On Falling in Love

A long while back, a friend mentioned in passing that he hoped he would fall in love.  Though the conversation was an interesting one, what struck me then (oddly) was the least remarkable phrase: “fall in love.”  Why do we talk of “falling” into love?  Is love a trap that catches you unaware?  A deep ditch or a hidden well into which we tumble headlong and find ourselves trapped?  Do we set ourselves up to fall?  Or to love?  What is the action?  Though I don’t claim to know much about love, this phrase strikes me as odd and I have found myself saying. “hang on, wait a minute!”

One level, I understand.  The emotional rush of love can feel like falling.  It is heady and exhilarating.  There is too the shock of the landing – the painful moment when the first rush and swoop of love hits life’s firm realities.  In that sense, the metaphor is apt.  Even so, the aspect of the phrase that grates against my mind is the befuddlement of noun and verb.  There is at least a grammatical difference between loving someone and falling in love with someone. In one, love is a verb.  In the other love is a noun that happens to you.  The second is passive, and the first active.  How then are they the same?  Are they not separate experiences?  Can either stand alone?

My rational self wants evidence and justification for all emotion.  I therefore tend to think that love must be a doing thing or it is no thing at all.  (In other words, avoid passively falling at all costs.)   And yet, even the meaning of the active verb form can get muddled.  What exactly is the action?  Is the emotion the action?  “I love you,” says the Lover to the Beloved.  Does he mean, “I have this colossal tower of emotion in my heart that can only mean one thing … love,” OR “see by my action how important you are to me”?  Can we express love without emotion?  Can we feel emotion without doing anything to demonstrate it?  If so, is either still love?

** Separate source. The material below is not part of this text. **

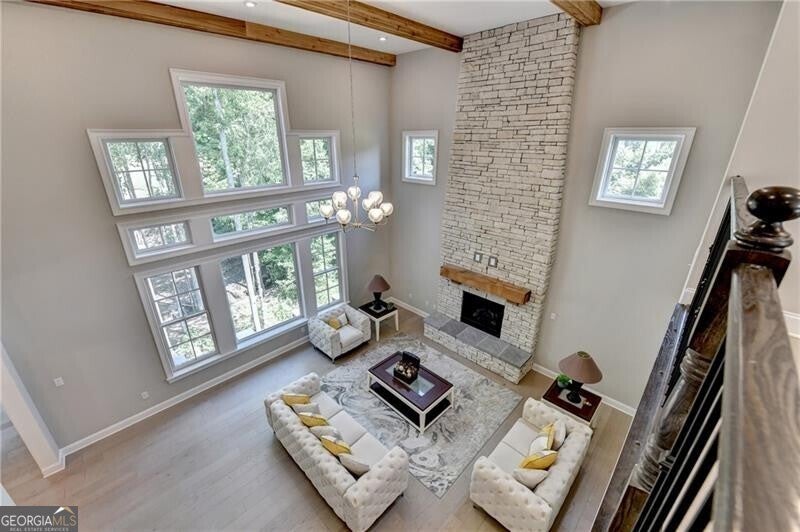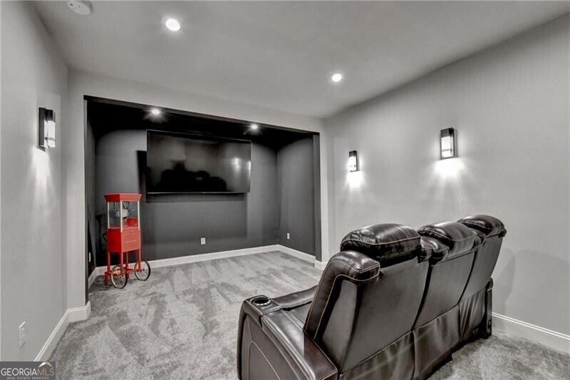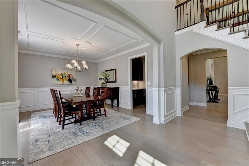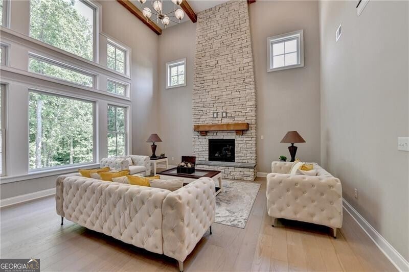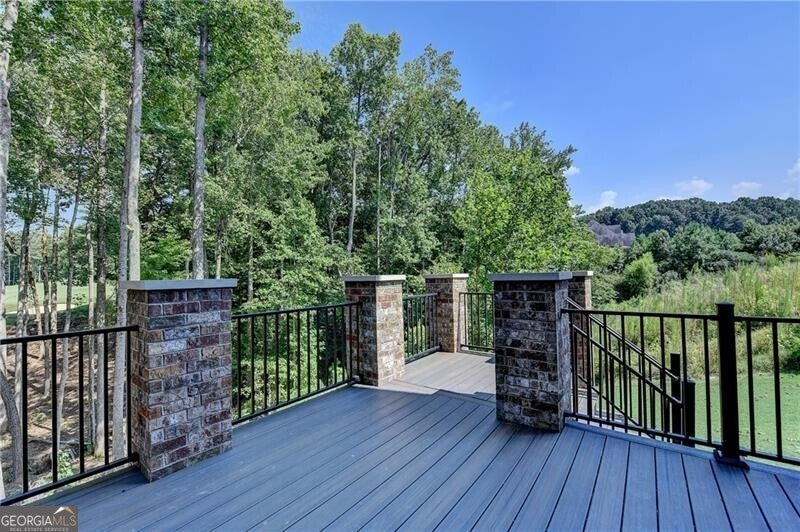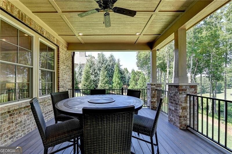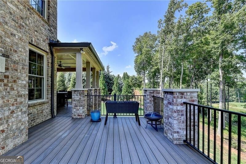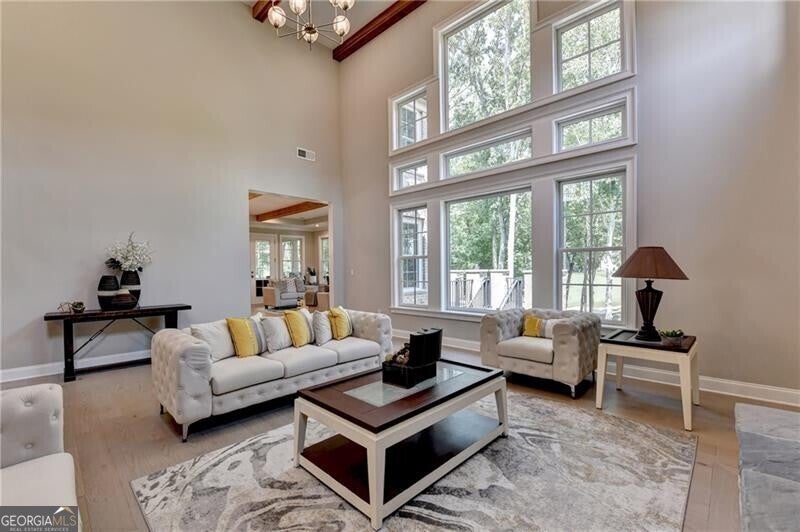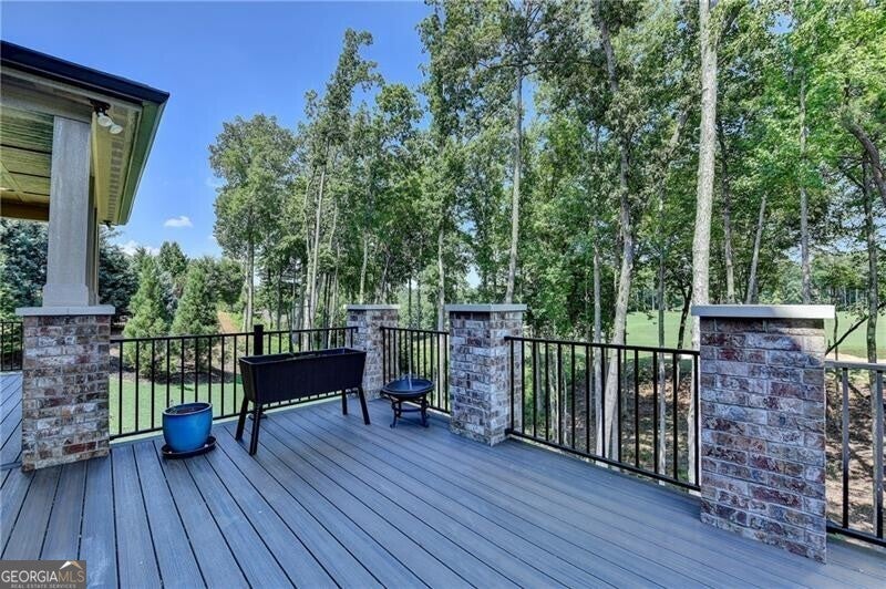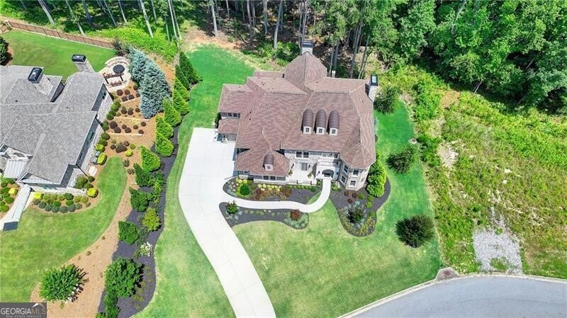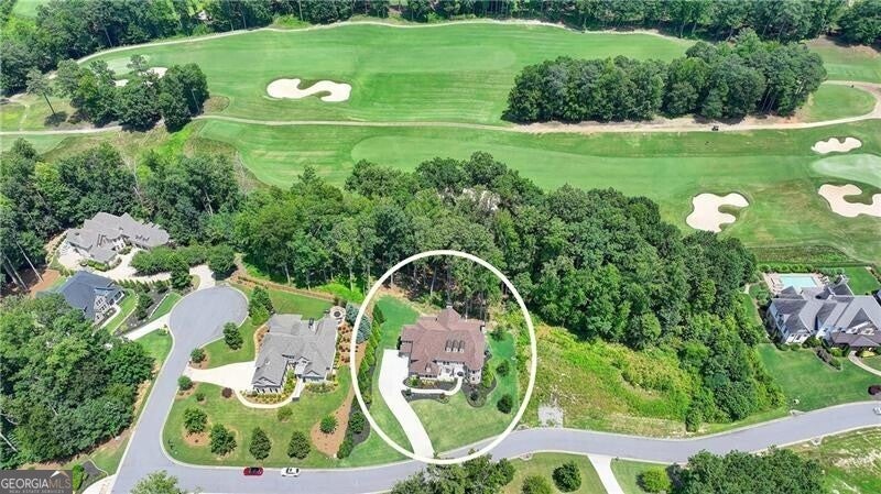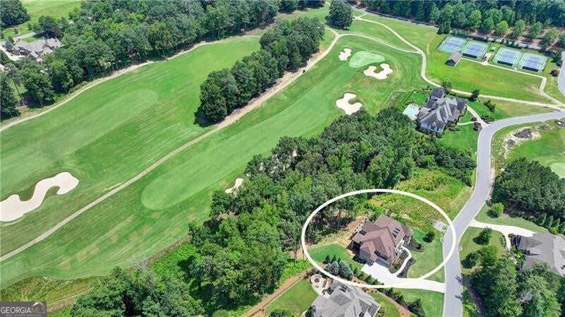 Welcome to this stunning, nearly-new home situated on the 9th fairway of the Rees Jones-designed Echelon Golf Club! Boasting over 8,000 square feet of exquisite finishes, this residence offers space and luxury for everyone. Step into the impressive two-story foyer with a grand staircase and beautiful white oak flooring throughout the main level. To your right, you'll find a spacious home office with glass French doors and a closet for convenient storage. To the left, the banquet-sized dining room provides the perfect setting for memorable gatherings and entertaining. A well-appointed butler's pantry features custom cabinetry and quartz countertops, making it easy to serve friends and family. The chef's kitchen is a true dream, equipped with stainless steel appliances, including a six-burner Cafe gas cooktop, double ovens, built-in microwave, pot filler faucet, and a French door refrigerator. The enormous center island offers ample counter space and seating, while custom-painted cabinetry ensures storage for all your culinary needs. An adjacent walk-in pantry with solid wood shelving provides even more space for your family's essentials. Open to the kitchen is the inviting keeping room, complete with a stone fireplace and tray ceiling. Step out onto the spacious covered composite deck or the open deck ideal for grilling and enjoying breathtaking views of the pristine golf course. The two-story great room features another stone fireplace and soaring glass windows overlooking the fairway. A guest bedroom with a full bath and a powder room are conveniently located on the main level. Upstairs, accessible by one of two staircases, you'll discover four generous bedrooms. The Primary Suite offers a grand entrance, a large bedroom, an elegant sitting room with fireplace, white oak flooring, and a spa-like bath with a glass-enclosed shower, separate soaking tub, dual vanities, and beautiful custom cabinetry with linen storage. One bedroom has a private bath, while the other two share a bath, each with its own vanity. The finished terrace level is perfect for entertaining large groups, featuring an expansive wet bar with dishwasher, under-counter refrigeration, custom cabinetry, quartz countertops, and a full-size refrigerator. Walk out to a deck overlooking the golf course, or enjoy the recently added home theater ideal for sports and movie nights! Echelon Golf Club is ranked 11th out of 400 Georgia courses by Golf Digest, offering players a formidable test of skill across rolling hills, varied elevations, and stunning vistas on its 600-acre property.

Wendell Berry tells a bittersweet and beautiful story of a man who loves a woman who does not notice him.  When she marries another man, Jayber Crow spends the rest of his life committed to her, loving her from a distance.  Though he never tries to tempt her away from her marriage, he stays near, keeping his emotion to himself and demonstrating his love by making sure she is safe, supported, and provided for in times of desperate need.  He both feels and acts his love towards her without expecting anything in return.  Only at the end of her life did she finally understand the truth and connection between the actions she had seen from him and the emotion he had felt.  It was not a tragedy, but a joy in that moment for them both to realize the true nature of love.

I am learning (so slowly) that there is a right emotion to love.  There is also an emotion we experience when love is given TO us.  First the doing, then a feeling, which brings again the doing.  Children learn how to love because someone first gave them love.  We love because Christ first loved us.  Life begets life.  Love awakens love.  Deep calls to deep.

In short, I am learning that all the things we do are but clanging gongs if we do not feel this thing called love.  All the things we feel are but empty wind if we do not do this thing called love.  There can be no separation.  And may I never hope to “fall”, but instead walk with boldness and humility towards that for which we were all made.